## Dataset section
::::::::

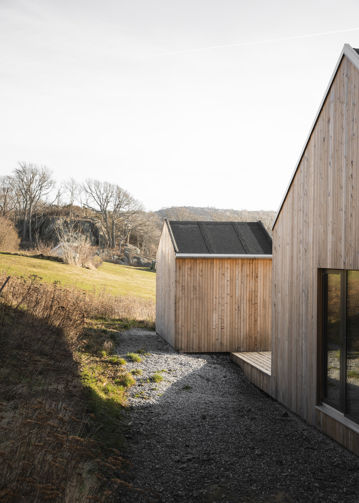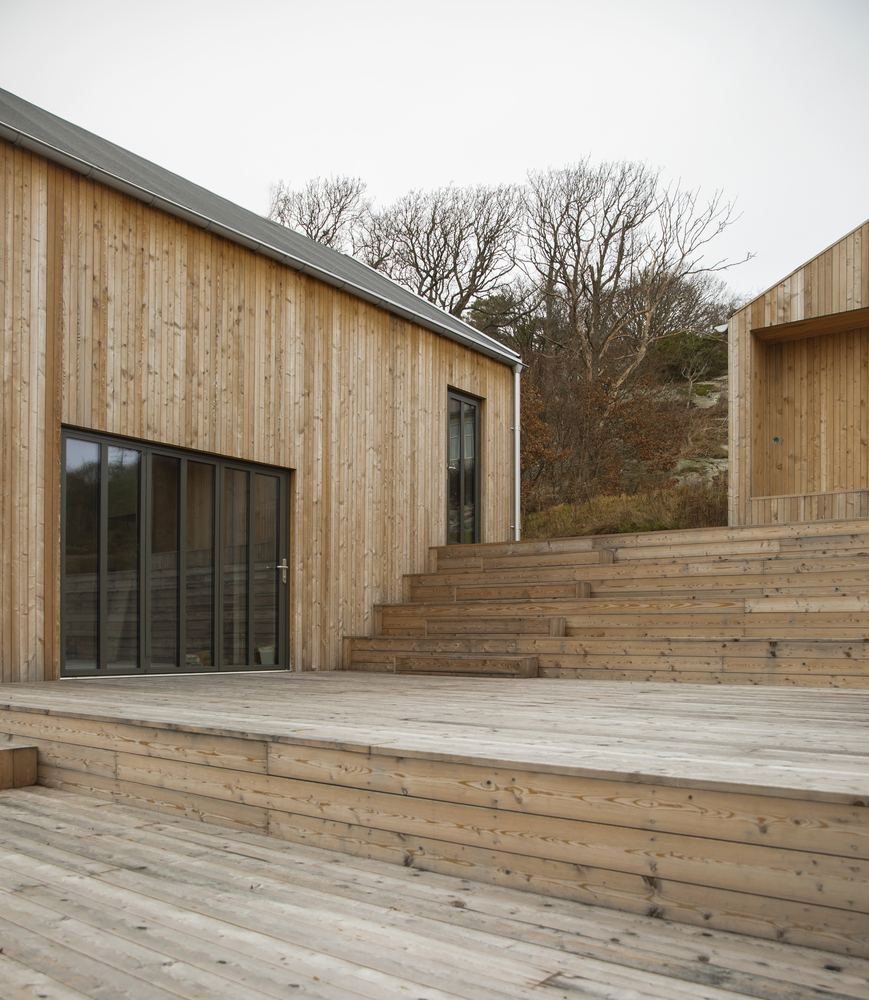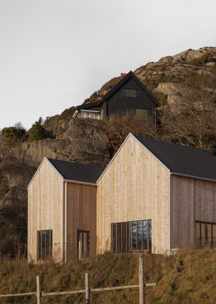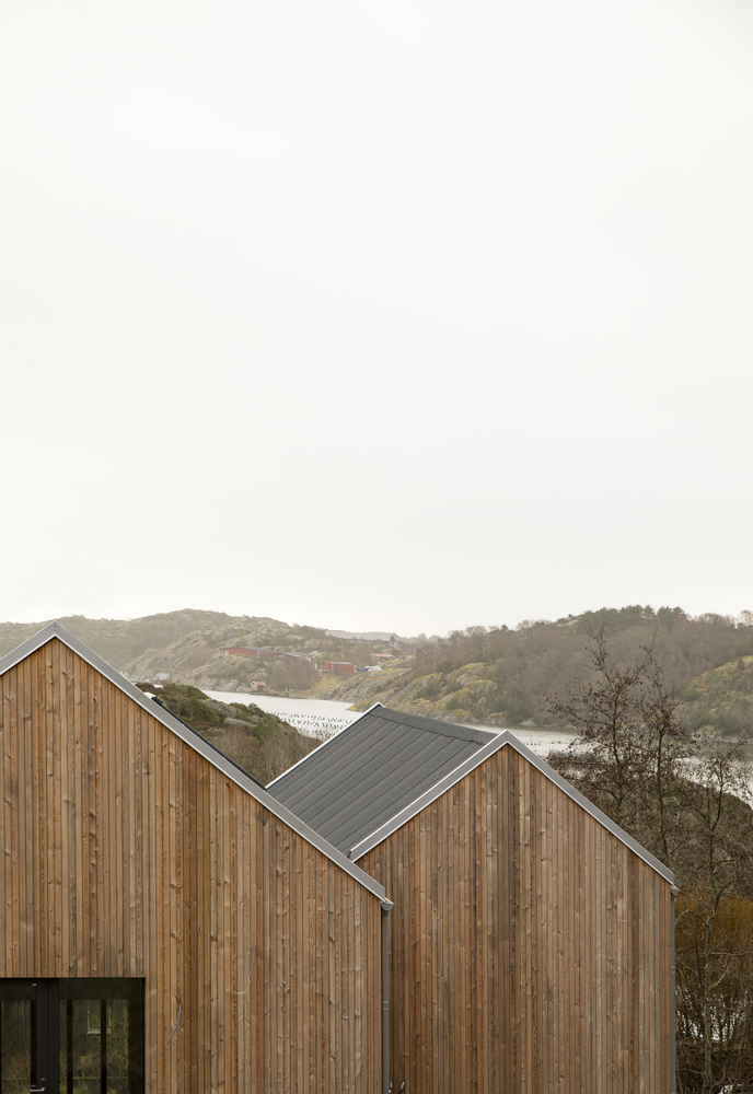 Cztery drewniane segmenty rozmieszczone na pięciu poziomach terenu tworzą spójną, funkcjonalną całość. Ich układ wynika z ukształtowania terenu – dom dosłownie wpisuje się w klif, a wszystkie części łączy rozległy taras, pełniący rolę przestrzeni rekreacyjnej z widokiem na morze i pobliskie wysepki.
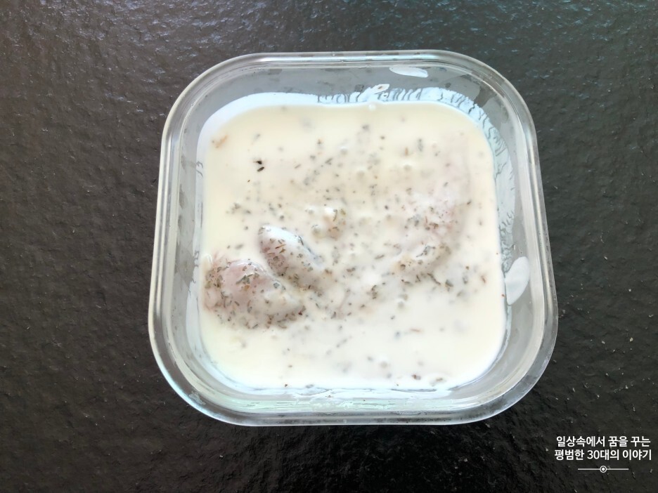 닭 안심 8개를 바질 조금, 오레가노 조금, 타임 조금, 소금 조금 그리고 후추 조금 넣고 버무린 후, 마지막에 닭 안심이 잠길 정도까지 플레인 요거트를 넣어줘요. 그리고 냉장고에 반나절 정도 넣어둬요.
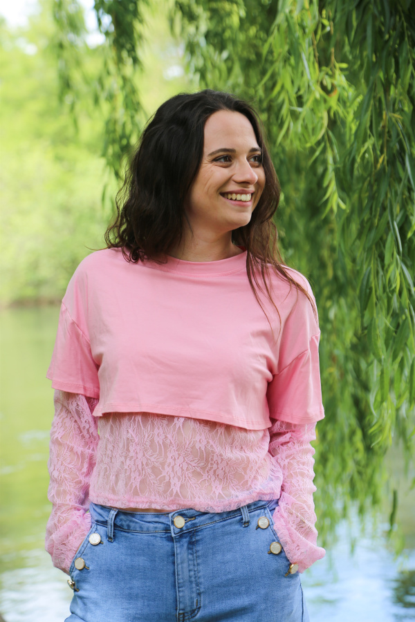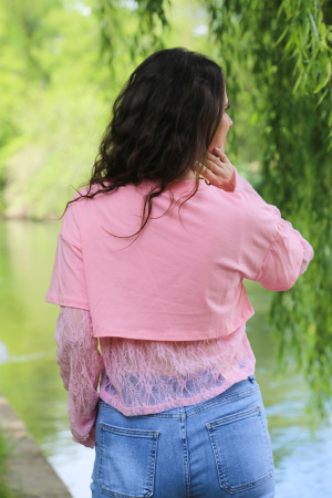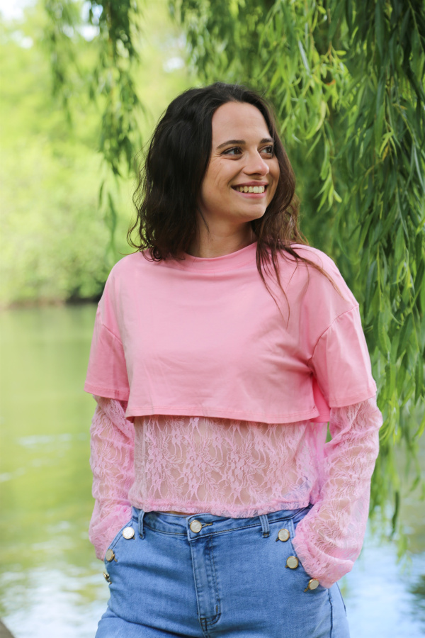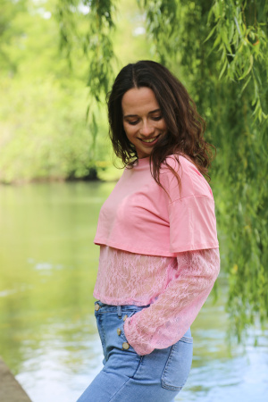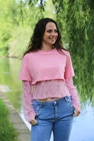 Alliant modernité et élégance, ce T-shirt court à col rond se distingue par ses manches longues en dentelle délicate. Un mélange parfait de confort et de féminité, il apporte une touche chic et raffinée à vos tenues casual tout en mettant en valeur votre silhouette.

::::::::

## Prompt
Write the data above out again exactly, every line of it, and exclude the pictures.

## Response to this task
 Cztery drewniane segmenty rozmieszczone na pięciu poziomach terenu tworzą spójną, funkcjonalną całość. Ich układ wynika z ukształtowania terenu – dom dosłownie wpisuje się w klif, a wszystkie części łączy rozległy taras, pełniący rolę przestrzeni rekreacyjnej z widokiem na morze i pobliskie wysepki.
 닭 안심 8개를 바질 조금, 오레가노 조금, 타임 조금, 소금 조금 그리고 후추 조금 넣고 버무린 후, 마지막에 닭 안심이 잠길 정도까지 플레인 요거트를 넣어줘요. 그리고 냉장고에 반나절 정도 넣어둬요.
 Alliant modernité et élégance, ce T-shirt court à col rond se distingue par ses manches longues en dentelle délicate. Un mélange parfait de confort et de féminité, il apporte une touche chic et raffinée à vos tenues casual tout en mettant en valeur votre silhouette.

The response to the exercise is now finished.